Às voltas com investigações da Polícia Federal e a suspeita de ter fraudado licitações no Amapá, o empresário Eike Batista enfrenta também a ira de procuradores e de ambientalistas, que questionam seus projetos no setor elétrico. Um dos casos mais polêmicos envolve a construção de uma térmica em São Luís (MA), alvo de pelo menos três ações do Ministério Público e que foi o estopim de uma comissão parlamentar de inquérito criada recentemente na Assembléia Legislativa local. Alguns a chamam maliciosamente de “CPI do Eike”. Por Daniel Rittner, de Brasília, do Valor Econômico, 05/08/2008.
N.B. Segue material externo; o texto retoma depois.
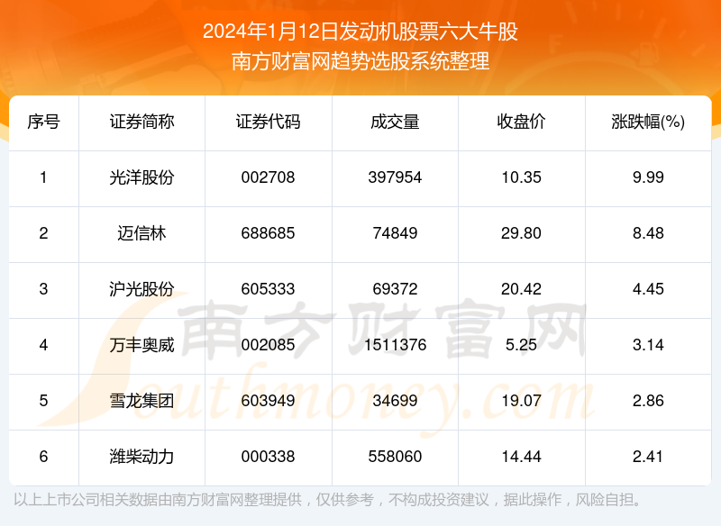截止2024年1月12日,个股表现方面,发动机股票当日领涨股为光洋股份(002708),该股当日报收10.35,上涨9.99%,成交量39.8万。迈信林(688685)以上涨8.48%紧随其后,该股当日成交量7.48万。此外,沪光股份(605333)、万丰奥威(002085)、雪龙集团(603949)均进入当日发动机股票牛股之列。

Essa não é a única controvérsia. Causou indignação na Agência Nacional de Energia Elétrica (Aneel) o pedido apresentado pela Amapari Energia, da MPX, de construir uma termelétrica movida a óleo diesel no Amapá para fornecer energia à mineradora do grupo no Estado. A Aneel deu aval ao projeto, mas condenou a tentativa do grupo de beneficiar-se da Conta de Consumo de Combustíveis (CCC) – encargo cobrado nas contas de luz de todos os consumidores do país – numa espécie de “triangulação indevida” com a distribuidora local, segundo o órgão regulador.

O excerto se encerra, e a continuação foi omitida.